Ich überlegte. Konnte ich mich sachte zu ihm beugen und mit den Spitzen meiner Finger möglichst leise in seinem Gürtel nach dem Griffe seines Messers suchen? Das war unmöglich. Oder mich auf ihn werfen und ihn mit den Händen erwürgen? Ich konnte ja meine Hände nicht so weit auseinander bringen, als nötig ist, einen starken Männerhals zu umfassen. Oder sollte ich meine Füße als Angriffswaffe benützen? Vielleicht mit ihnen seine Schläfe zu treffen suchen? Auch das ging nicht, denn wenn ich die rechte Stelle nicht traf, so war alles verloren. Gleich der erste Griff mußte mich zu einem Messer bringen, sonst war jede Mühe und jedes Wagen umsonst.

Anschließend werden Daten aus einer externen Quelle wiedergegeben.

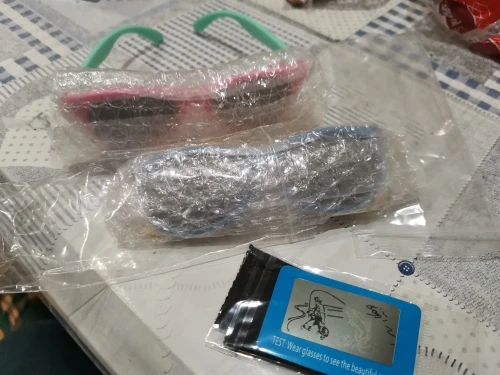 Очки шикарные, ребёнок в восторге. Попросила померить прям возле почты и не захотела снимать, хоть и было неудобно одевать с шапкой)))) В комплекте карточка-тестер и тряпочка для протирки. Упакованы хорошо, посылка пришла меньше чем за 3 недели
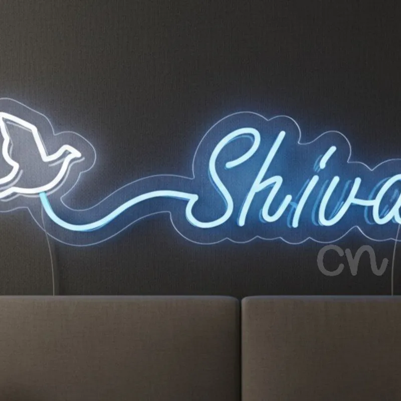 Personalized Name Neon Sign – Features the name “Shiva†in glowing blue script, accented with a white dove design symbolizing peace and harmony, making it a truly meaningful decorative piece.
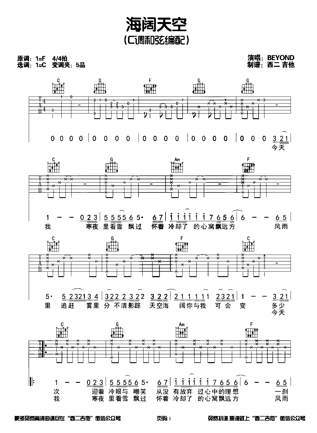 曲谱介绍: Beyond《海阔天空》吉他谱,山山吉他制谱,选用C调,《海阔天空》六线谱,共三张高清图片谱例,包含完整的前奏,弹唱原调变调夹可夹5品,按原版编配85%接近原版,随谱附《海阔天空》的吉他弹唱演示视频,可参考结合练习,弹唱难度初级简单。 《海阔天空》吉他弹唱演示视频

Darum versuchte ich es, mich leise, ganz leise zunächst in sitzende Stellung zu erheben. Kein Fältchen meines Gewandes durfte knittern oder rauschen, und ich mußte meine Augen schließen, damit er aus der Stellung derselben nicht auch die Stellung meines Körpers erraten konnte. Denn grad so, wie ich seine Augen sehen konnte, vermochte er ja auch die meinigen zu erkennen.-
Es gelang, und nach langer, langer Anstrengung kam ich auch auf die Füße zu kauern. Ich schloß die Augen jetzt nur halb, um einen seiner Blicke zu erhaschen. Jetzt sah er nach mir herüber - und kaum hatte er die Lider geschlossen, so stieß er einen Schrei aus: mein rechtes Knie lag auf seiner Kehle, und mein linkes auf seiner Brust. Er fuhr in augenblicklicher Angst mit den beiden Händen nach dem Halse, um diesen frei zu machen, und das gab mir Raum und Gelegenheit, mit den zusammengebundenen Händen an seinen Gürtel zu kommen. Ich tastete den Griff eines Messers und zog es heraus. Er fühlte das und erkannte die Gefahr, in der er sich befand. Mit einem gewaltigen Rucke warf er mich ab und sprang auf.